▶ What needs to be done
From the material below, set down exactly the lines that run from the one containing "ホワイト天板付 ■ファイル収納にオススメ!引出し型キャビネット【Okamura Rectline】" to the one containing "Micrograph of an", minus the pictures.

▶ Input for this task

= Beginning of Section =

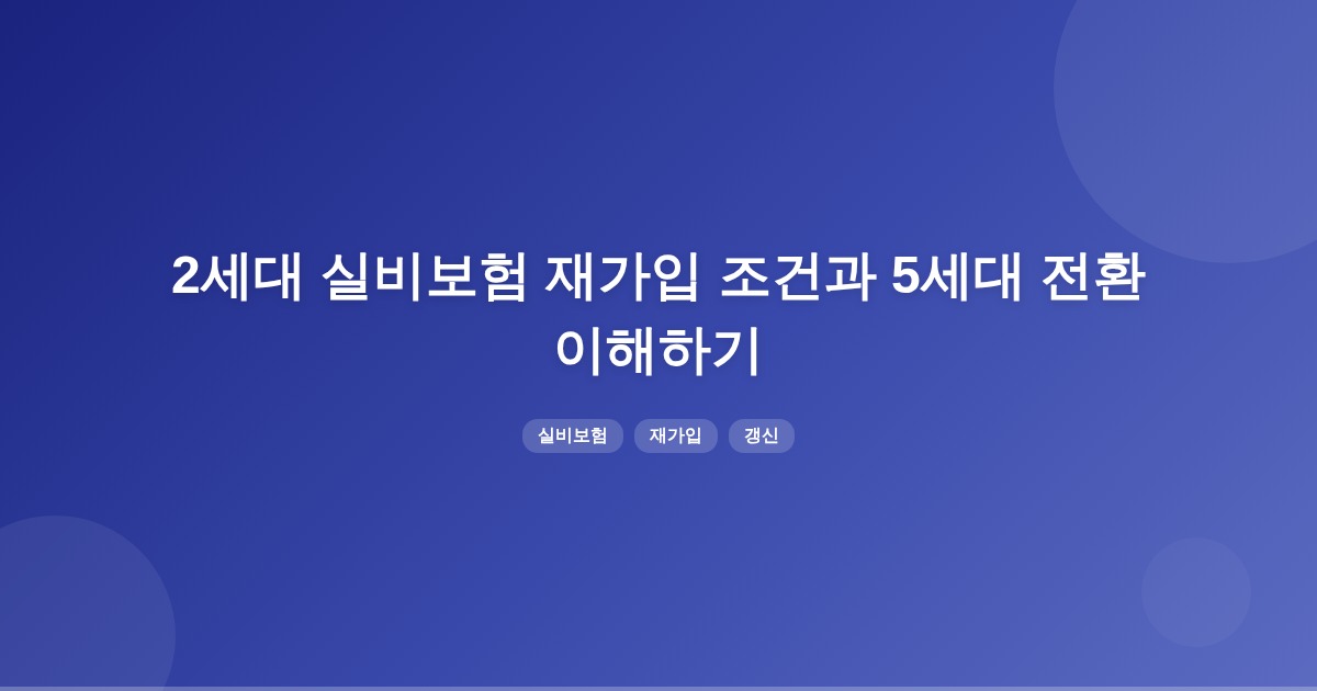 2013년 4월 이후 가입한 2세대 실비보험은 15년마다 재가입해야 하며, 재가입 시 건강 심사 없이 이전 계약과 동일한 상품으로 재가입할 수 있습니다. 그러나 2026년부터는 기존 계약자도 5세대 실비보험으로 전환될 가능성이 있습니다.
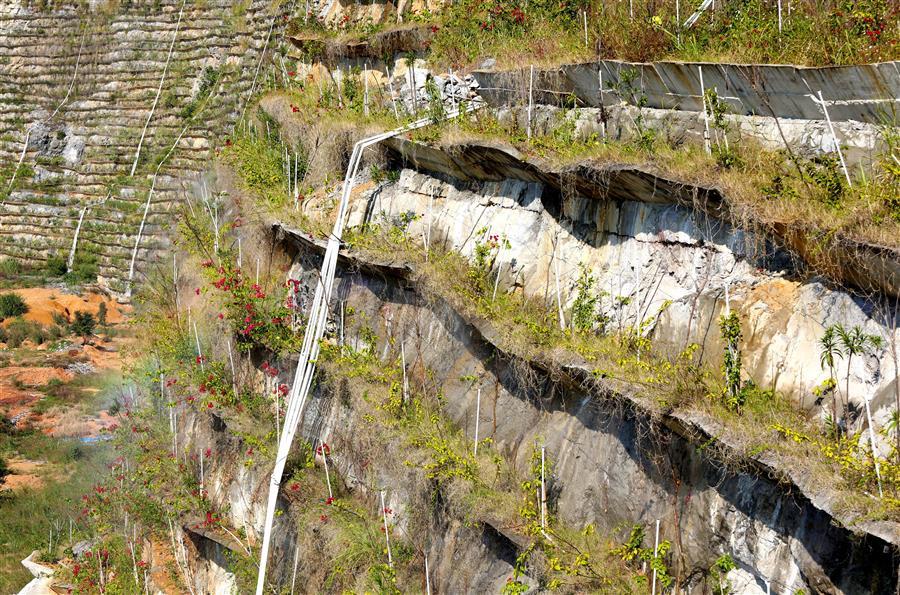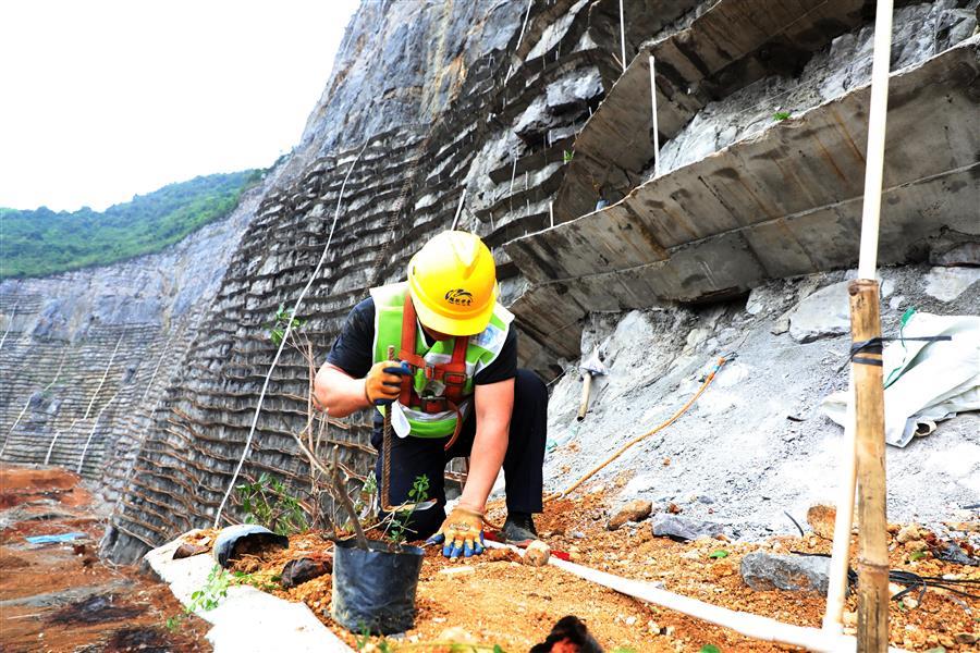 一直以來,公司積極踐行習(xí)總書記提出的“綠水青山就是金山銀山”的理念,致力于綠色發(fā)展,努力為柳州生態(tài)文明建設(shè)貢獻(xiàn)力量。2018年9月26日,樓梯山采石場(chǎng)山體復(fù)綠工程開工,采石場(chǎng)山體治理面積22.5萬平方米,施工采取在陡壁上布置擋土板,形成V形槽,回填泥土后種植紫薇、夾竹桃、爬墻虎、三角梅等進(jìn)行綠化。
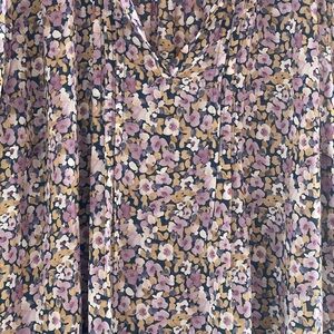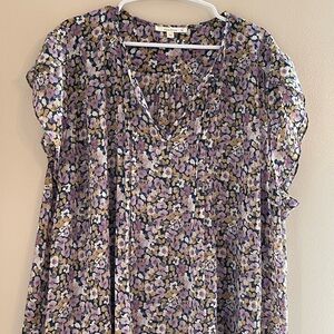 Chic floral top with ruffle sleeves, perfect for any occasion. Features a blend of purple and cream hues for a stylish look.
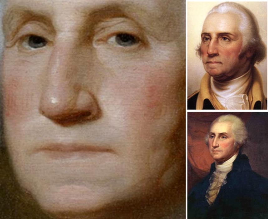 ジョージ・ワシントンのこの未完成の肖像画は、すべてのアメリカドル札に印刷されている。だが、その口元をじっくりとながめてみたことはあるだろうか?やけに大きすぎるように見えないだろうか? まるで冬に備えてナッツをほおばるリスのようではないか。ご存知の方も多いと思うが、ワシントンは歯がなくて、入れ歯をはめていた。しかし、他の有名な肖像画ではそれほど口が膨らんでいるようには見えない。
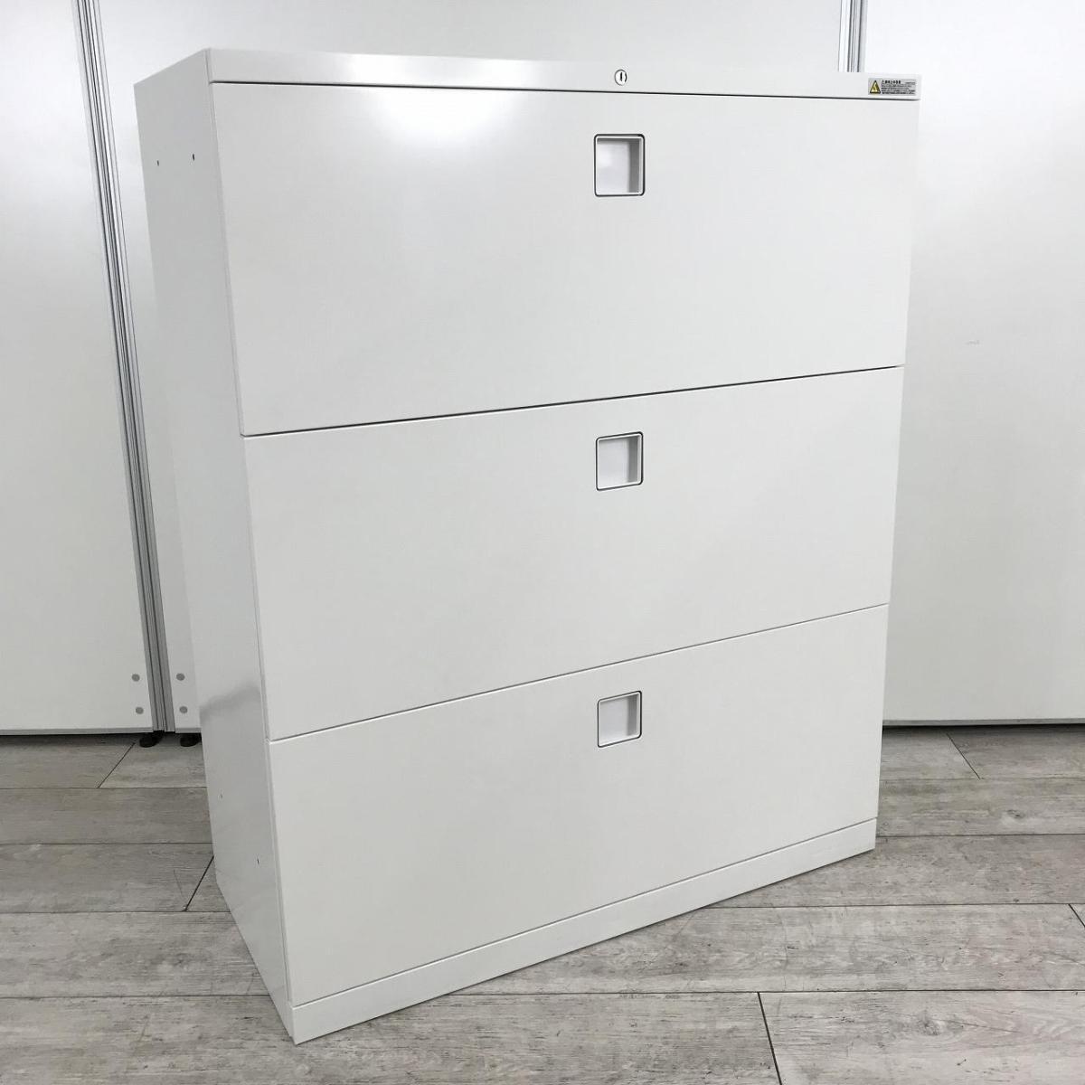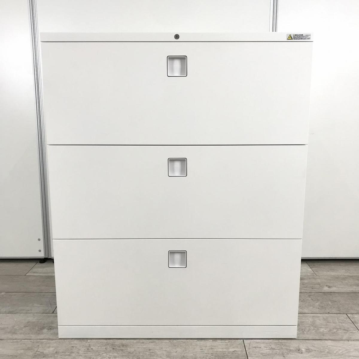【高品質で使いやすい!上下左右から開閉操作できる!】■オカムラ レクトラインシリーズ 3段ラテラル書庫 ホワイト天板付 ■ファイル収納にオススメ!引出し型キャビネット【Okamura Rectline】
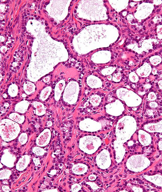 Micrograph of an ovarian clear cell carcinoma. Image © Nephron 2011.
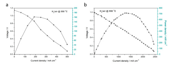 Furthermore, we explored the functionalities of the LCF as the cathode in conventional SOFC and core component in SBFC technology. As a typical mixed electronic and ionic conductivity material, LCF is considered to function as a cathode in a conventional fuel cell device with SDC as an electrolyte. The I–V and I–P characteristics of this fuel cell pellet operated at 550 °C are presented in Figure 6a. As observed, a high OCV of approximately 1.1 V is achieved, and the maximum power density reaches up to 162 mW cm−2. The considerable OCV indicates that LCF has a good catalytic property for oxygen reduction reaction (ORR) in the oxygen-input region. However, a relatively low current density is recorded. This can be attributed to the low electronic conductivity of LCF as cathode. Compared to the conventional device, the SBFC with a simplified configuration (Cell III) exhibits a comparable OCV of around 1 V, and the corresponding peak power density is 714 mW cm−2 (see Figure 6b). The significantly enhanced fuel cell performance (4.4-fold improved power density over that of conventional fuel cell device) profits from the SBFC and LCF can function as a core semiconducting ionic-conducting component in this technology. These findings expand the layer-structured LCF heterostructure composites into both conventional SOFC and recent-emerging SBFC technology.

= End of Section =

▶ Solution to this problem
【高品質で使いやすい!上下左右から開閉操作できる!】■オカムラ レクトラインシリーズ 3段ラテラル書庫 ホワイト天板付 ■ファイル収納にオススメ!引出し型キャビネット【Okamura Rectline】
 Micrograph of an ovarian clear cell carcinoma. Image © Nephron 2011.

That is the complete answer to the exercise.